# Activity
When you reach the line in the listing below that contains "Simulace ostrovu v PVGIS", begin returning lines exactly as written, and stop after the line that contains "윤성아 유닛장은 AI". Return no other lines.

# Data section
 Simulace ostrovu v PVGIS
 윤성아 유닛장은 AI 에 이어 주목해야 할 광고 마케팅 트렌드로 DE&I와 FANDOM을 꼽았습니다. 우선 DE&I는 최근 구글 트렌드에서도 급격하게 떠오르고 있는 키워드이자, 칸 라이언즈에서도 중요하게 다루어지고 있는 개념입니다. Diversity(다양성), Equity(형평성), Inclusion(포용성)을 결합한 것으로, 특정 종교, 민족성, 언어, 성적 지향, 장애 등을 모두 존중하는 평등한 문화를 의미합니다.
---
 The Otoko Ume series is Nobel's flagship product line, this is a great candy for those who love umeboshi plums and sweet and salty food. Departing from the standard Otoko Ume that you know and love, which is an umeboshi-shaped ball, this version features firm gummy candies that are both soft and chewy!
* * *
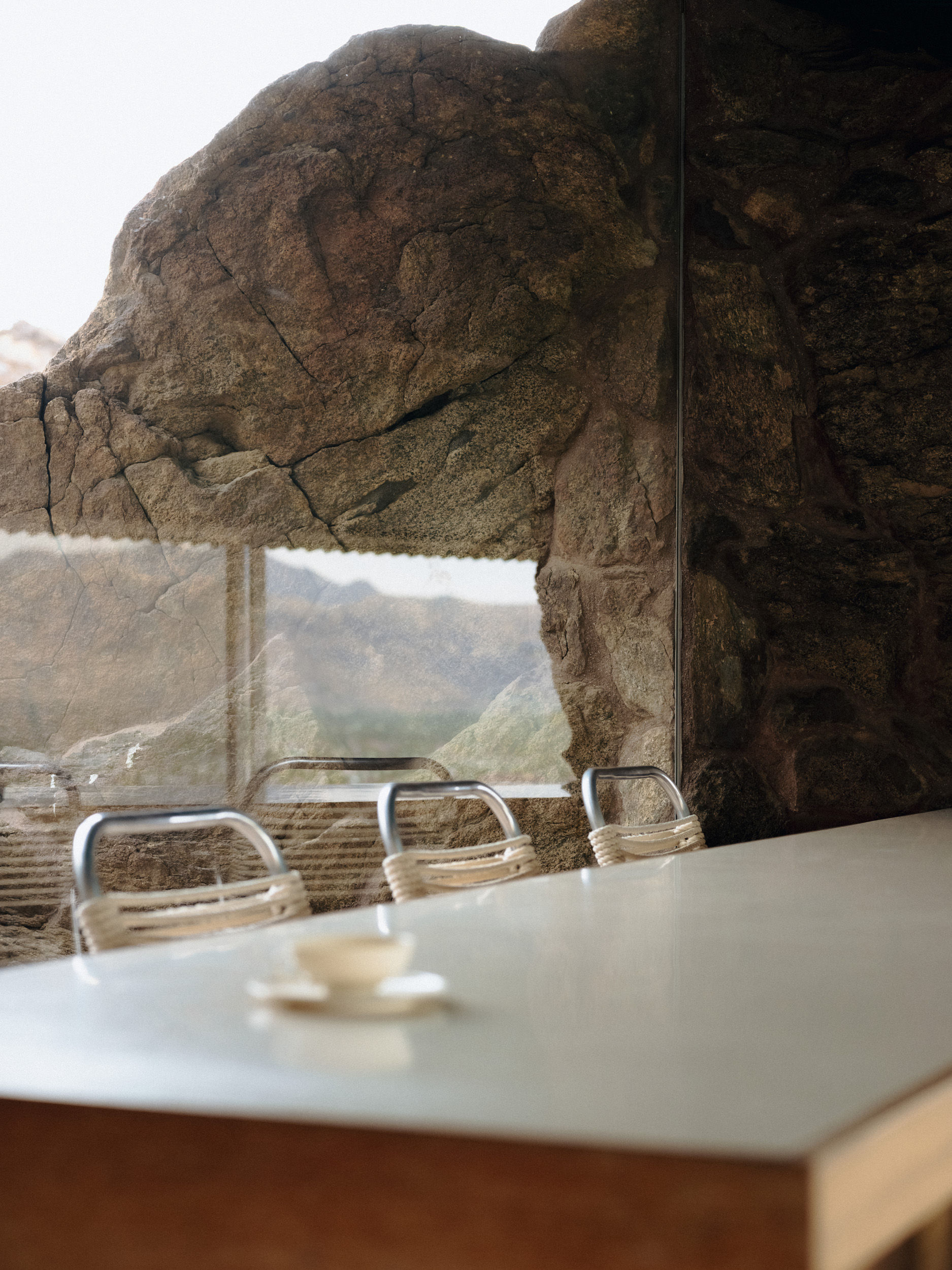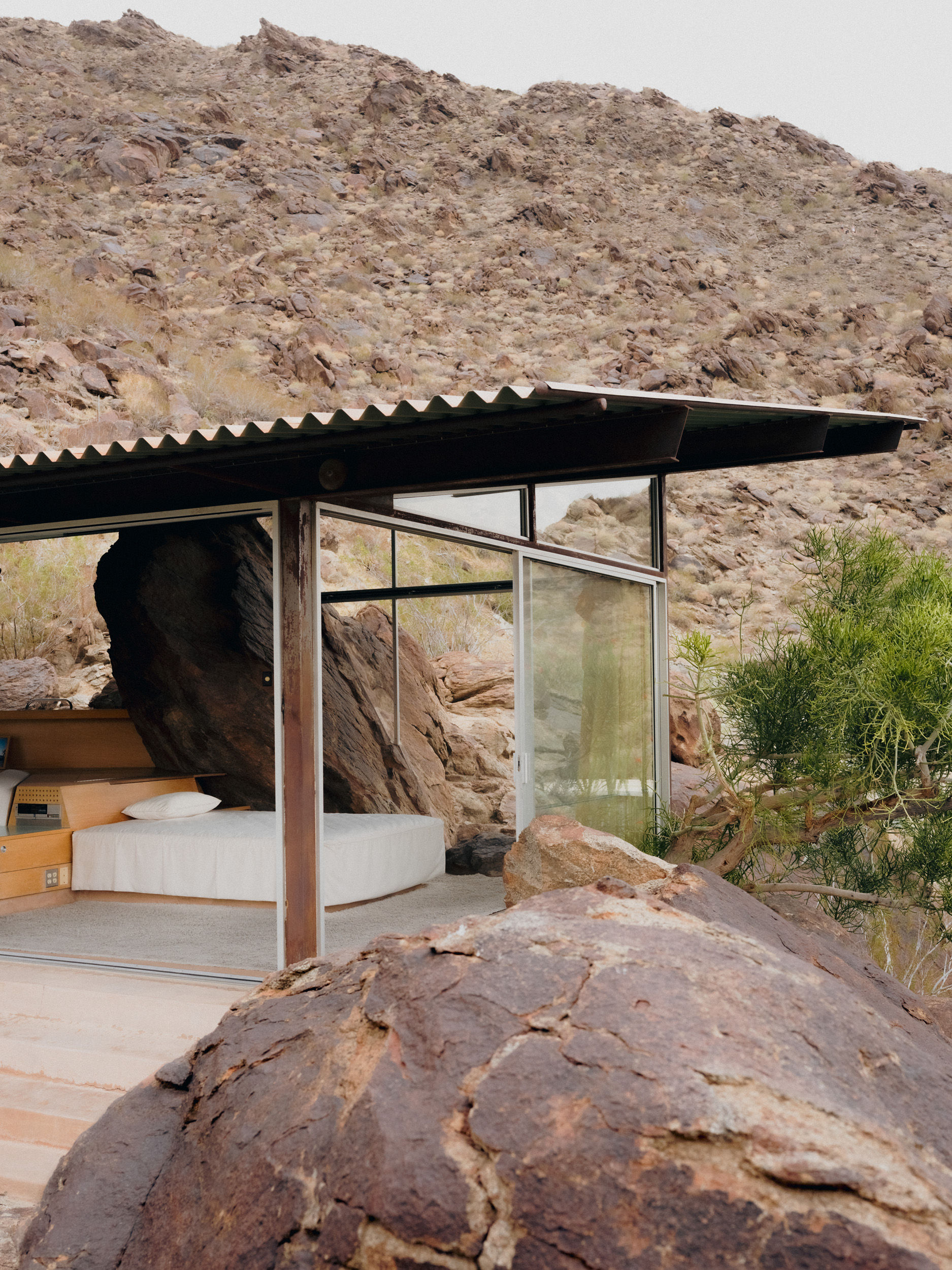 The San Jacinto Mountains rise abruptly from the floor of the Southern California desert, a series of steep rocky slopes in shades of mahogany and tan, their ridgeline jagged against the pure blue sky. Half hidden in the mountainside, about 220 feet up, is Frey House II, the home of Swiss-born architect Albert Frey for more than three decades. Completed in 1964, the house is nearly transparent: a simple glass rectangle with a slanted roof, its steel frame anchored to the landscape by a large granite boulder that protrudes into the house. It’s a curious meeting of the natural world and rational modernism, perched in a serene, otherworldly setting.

# Problem solution
 Simulace ostrovu v PVGIS
 윤성아 유닛장은 AI 에 이어 주목해야 할 광고 마케팅 트렌드로 DE&I와 FANDOM을 꼽았습니다. 우선 DE&I는 최근 구글 트렌드에서도 급격하게 떠오르고 있는 키워드이자, 칸 라이언즈에서도 중요하게 다루어지고 있는 개념입니다. Diversity(다양성), Equity(형평성), Inclusion(포용성)을 결합한 것으로, 특정 종교, 민족성, 언어, 성적 지향, 장애 등을 모두 존중하는 평등한 문화를 의미합니다.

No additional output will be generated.